==== Input data

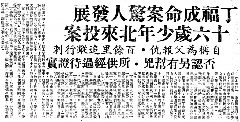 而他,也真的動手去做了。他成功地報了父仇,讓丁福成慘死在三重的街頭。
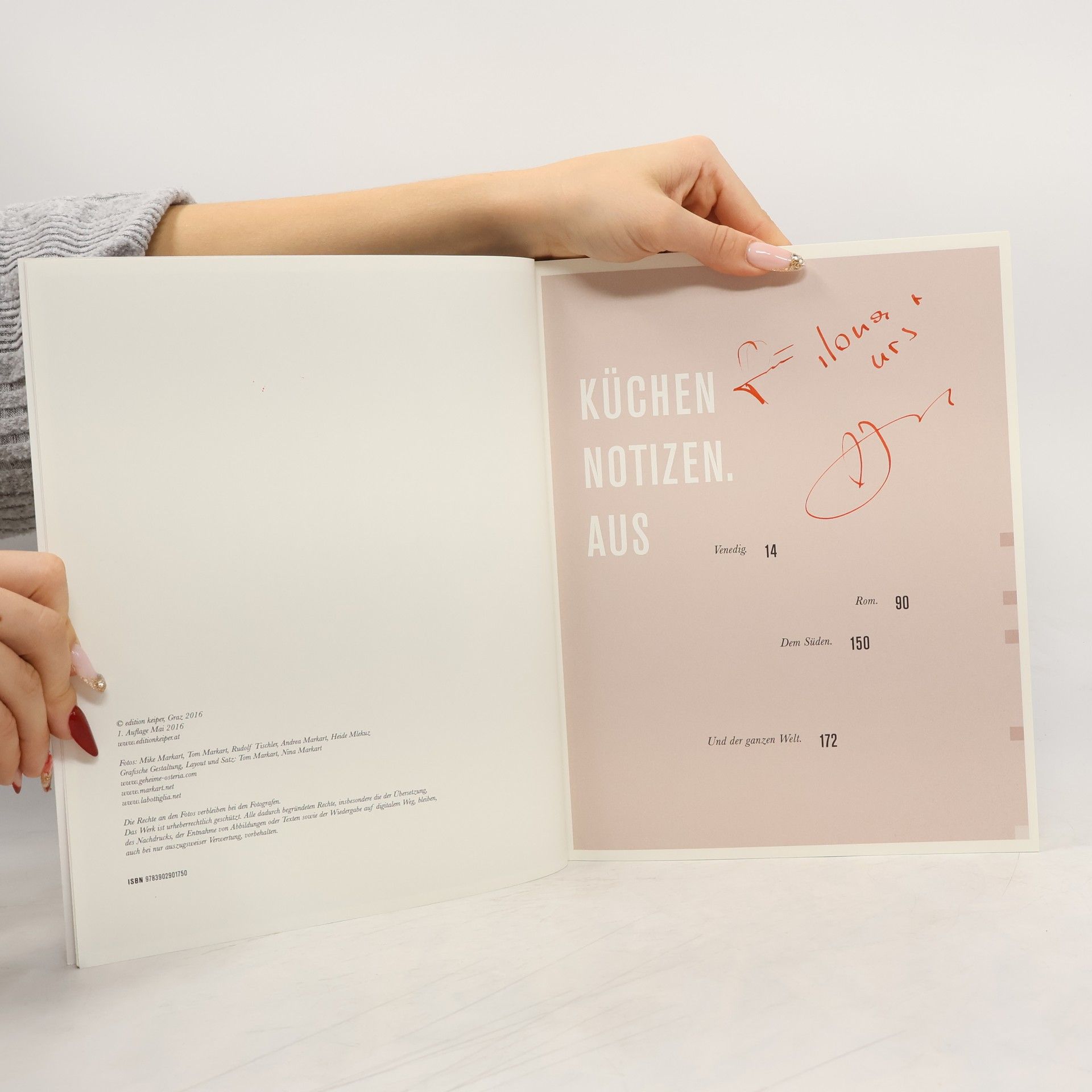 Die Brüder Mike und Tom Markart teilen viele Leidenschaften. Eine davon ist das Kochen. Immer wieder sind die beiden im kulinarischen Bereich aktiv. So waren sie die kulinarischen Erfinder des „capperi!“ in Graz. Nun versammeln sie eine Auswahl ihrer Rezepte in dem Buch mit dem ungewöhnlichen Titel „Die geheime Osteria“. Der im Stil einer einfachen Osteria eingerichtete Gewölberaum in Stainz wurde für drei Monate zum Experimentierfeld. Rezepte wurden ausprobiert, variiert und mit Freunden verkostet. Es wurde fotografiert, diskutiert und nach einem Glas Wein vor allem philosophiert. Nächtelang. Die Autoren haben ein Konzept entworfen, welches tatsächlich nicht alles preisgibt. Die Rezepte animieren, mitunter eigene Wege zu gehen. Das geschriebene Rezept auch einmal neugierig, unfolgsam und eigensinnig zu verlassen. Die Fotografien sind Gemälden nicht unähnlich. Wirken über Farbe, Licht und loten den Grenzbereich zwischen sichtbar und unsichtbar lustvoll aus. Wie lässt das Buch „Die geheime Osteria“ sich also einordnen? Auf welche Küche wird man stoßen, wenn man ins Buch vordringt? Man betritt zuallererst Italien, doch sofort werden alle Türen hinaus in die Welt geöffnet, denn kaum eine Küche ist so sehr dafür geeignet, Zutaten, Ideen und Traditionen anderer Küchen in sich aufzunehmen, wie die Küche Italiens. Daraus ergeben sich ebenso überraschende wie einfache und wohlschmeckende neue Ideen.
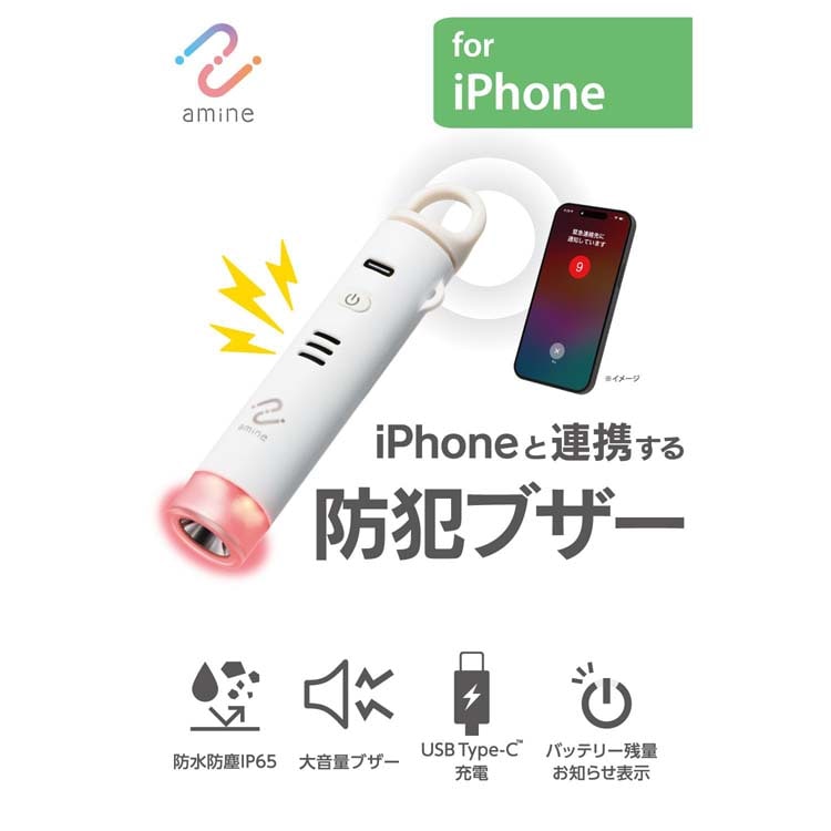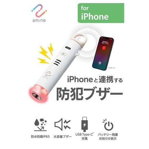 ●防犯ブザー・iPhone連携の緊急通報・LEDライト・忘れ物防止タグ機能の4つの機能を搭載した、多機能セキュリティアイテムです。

========

◆ Assignment
Please restate the data word for word, leaving out any picture it holds.

◆ Your solution
 而他,也真的動手去做了。他成功地報了父仇,讓丁福成慘死在三重的街頭。
 Die Brüder Mike und Tom Markart teilen viele Leidenschaften. Eine davon ist das Kochen. Immer wieder sind die beiden im kulinarischen Bereich aktiv. So waren sie die kulinarischen Erfinder des „capperi!“ in Graz. Nun versammeln sie eine Auswahl ihrer Rezepte in dem Buch mit dem ungewöhnlichen Titel „Die geheime Osteria“. Der im Stil einer einfachen Osteria eingerichtete Gewölberaum in Stainz wurde für drei Monate zum Experimentierfeld. Rezepte wurden ausprobiert, variiert und mit Freunden verkostet. Es wurde fotografiert, diskutiert und nach einem Glas Wein vor allem philosophiert. Nächtelang. Die Autoren haben ein Konzept entworfen, welches tatsächlich nicht alles preisgibt. Die Rezepte animieren, mitunter eigene Wege zu gehen. Das geschriebene Rezept auch einmal neugierig, unfolgsam und eigensinnig zu verlassen. Die Fotografien sind Gemälden nicht unähnlich. Wirken über Farbe, Licht und loten den Grenzbereich zwischen sichtbar und unsichtbar lustvoll aus. Wie lässt das Buch „Die geheime Osteria“ sich also einordnen? Auf welche Küche wird man stoßen, wenn man ins Buch vordringt? Man betritt zuallererst Italien, doch sofort werden alle Türen hinaus in die Welt geöffnet, denn kaum eine Küche ist so sehr dafür geeignet, Zutaten, Ideen und Traditionen anderer Küchen in sich aufzunehmen, wie die Küche Italiens. Daraus ergeben sich ebenso überraschende wie einfache und wohlschmeckende neue Ideen.
 ●防犯ブザー・iPhone連携の緊急通報・LEDライト・忘れ物防止タグ機能の4つの機能を搭載した、多機能セキュリティアイテムです。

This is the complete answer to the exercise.